Como surgiu o Scrum?
Contextualizando seu surgimento, o Scrum apareceu pela primeira vez em 1986 no artigo “The New New Product Development Game” produzido por Hirotaka Takeuchi e Ikujiro Nonaka, e publicado pela The Harvard Business Review. O nome, que traduzido para português fica algo como “O Novo Jogo de Desenvolvimento de Novos Produtos”, foi uma sacada proposital dos autores para apresentar uma nova forma de gerenciamento de produto inspirada na estratégia do jogo Rugby.

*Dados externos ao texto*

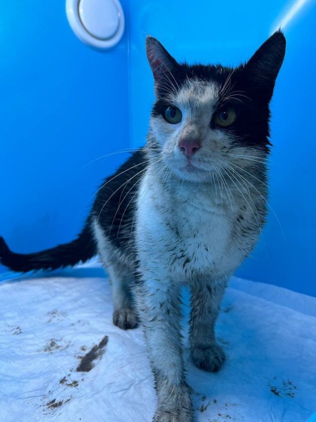 В конечном итоге мокрый и грязный кот оказался в переноске.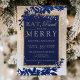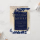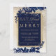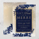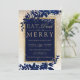 Ät, drick och var snäll! En modern, chic och elegant guld typografi Blommigt marin blåfärgad julfestinbjudan med handmålad blåfärgad löv blad på en chic gult guld med vit snö och snöflingor. Perfekt till jul eller bröllop.

Tempos depois, e não se limitando a esse surgimento, foi publicado em 1995 o livro “Scrum Development Process“, pelos autores Ken Schwaber e Jeff Sutherland, pioneiros na aplicação do Scrum com as diretrizes da época. Por volta desse período, houve a percepção de que o Scrum já era mais eficaz que o modelo conhecido como Waterfall (“Cascata”) de desenvolvimento de produto, sobretudo por sua adaptabilidade.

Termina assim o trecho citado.